There was a pay phone at the dark end of the corridor in those days, directly across from the ladies’ room entrance. Sebastian picked up the phone but didn’t insert any coins, didn’t dial a number. He just stood there, silently, the cold, quiet plastic to his ear. He did this because he knew that, from that angle, one could see the slightest wedge of the anteroom to the ladies’ toilet, the room that held the couch and the stand-up ashtrays and one long wall with a succession of round, art deco mirrors. With the door propped open in the manner in which it was that night, he could covertly watch whoever was standing in front of the very last mirror by the door, could observe her from the cover of darkness.
A minute or two into his voyeuristic deception, Sebastian Keller was rewarded. Julia Raines stopped at the last mirror, and he watched her do something that he had thought about a thousand times since. Something that would make Julia Raines live in his mind for what he now knew to be the rest of his life.
He watched her speak to the mirror.
She seemed to be rehearsing what she was going to say when she returned to the table. She practiced her laugh, the brief, courteous laugh of the cognoscenti, the laugh that lets everyone at the table know that you’ve gotten the joke, or nailed down the reference. She flicked her hair over her shoulder, cocked her head at an angle, as if rapt, listening to a story. Then, quite dramatically, she had burst into laughter, covering her mouth in response to what quite possibly had been the funniest story she had ever heard.
Robert Benchley said
that
? Dorothy Parker wrote
that
?
He’d known at that moment that he would never forget her. Just as he knew that someone in that group had to have been head over heels in love with Julia Raines, as he had been himself, and that someone in that group, or near that group, had blamed the rest of them for what happened to her that night.
Sebastian Keller picked up the phone on his desk, punched the number nine, waited, dialed the number, waited. When someone answered, he said: ‘May I have the homicide division, please?’
‘One moment.’
More than a few moments later (Sebastian Keller was getting very precise with his time, even the indiscernible depth and breadth of a few moments), the phone was picked up.
‘Homicide, Detective Paris.’
‘Detective Paris, my name is Sebastian Keller, I’m the head of the English Department at Case Western Reserve University.’
‘What can I do for you, Mr Keller?’
A bright red rope of pain snuck under the pain medication for a moment, encircling his bowels, knotting tightly, causing him to grip the arms of his chairs. After a moment, it submerged to its tolerable intolerable level.
‘I have some information for you.’
36
On the way out of the back door, the phone rang. Amelia picked up the cordless and continued out onto the deck, the seven or eight million leaves that needed to be raked denying her the luxury of a chair and a cup of coffee for this conversation, whoever it was.
‘Hello?’
‘Mrs St John?’
‘Yes.’
‘Hi, it’s Eddie.’
Eddie? Amelia wondered. Who’s Eddie? ‘I’m sorry. Who is this?’

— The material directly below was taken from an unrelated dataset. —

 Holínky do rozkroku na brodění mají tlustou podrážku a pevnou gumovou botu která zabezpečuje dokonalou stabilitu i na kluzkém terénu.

‘Eddie. Eddie Pankow. From Cybernauts.’
Cybernauts, Amelia thought. What the hell was a cyber— ‘Oh, right, right, the computer guys.’
‘Yes, exactly.’
‘Eddie and . . .’
‘Andy,’ she heard, spoken in a different voice. They were both on the line.

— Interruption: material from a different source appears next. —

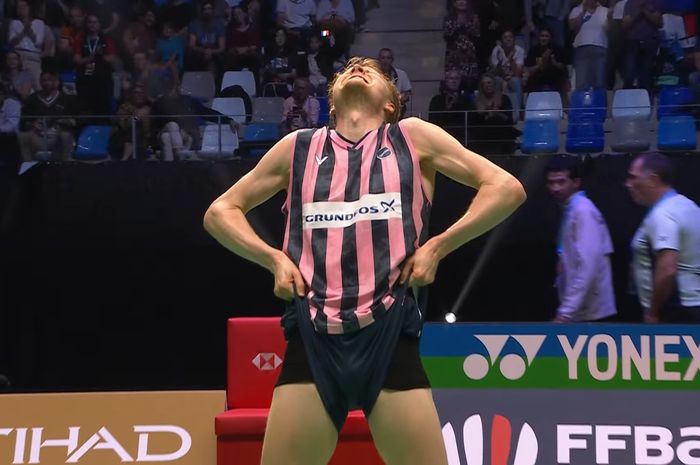 Pengembalian yang terlalu pelan dari Popov menjadi poin kemenangan Antonsen pada gim pertama dan gim kedua.
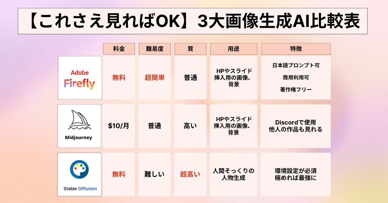 Midjourneyを始め、Adobe FireflyやStable DiffusionなどのAI画像生成ツールがたくさん出ている中、どれを使えばいいのか悩みますよね。

‘Well, how are you guys?’ Amelia asked, smiling. They were, in their way, kind of cute. The fact that they got flustered around her made her feel good. Like she was still in there pitching.
‘Good,’ Eddie said.
‘Both of us,’ Andy added. ‘We’re both, you know,
good
.’
‘That’s great,’ Amelia said, eyeing the leaves. Maddie was home from school, and even with what little help she might provide, it was good to have some assistance. She was anxious to get to it. ‘What can I do for you?’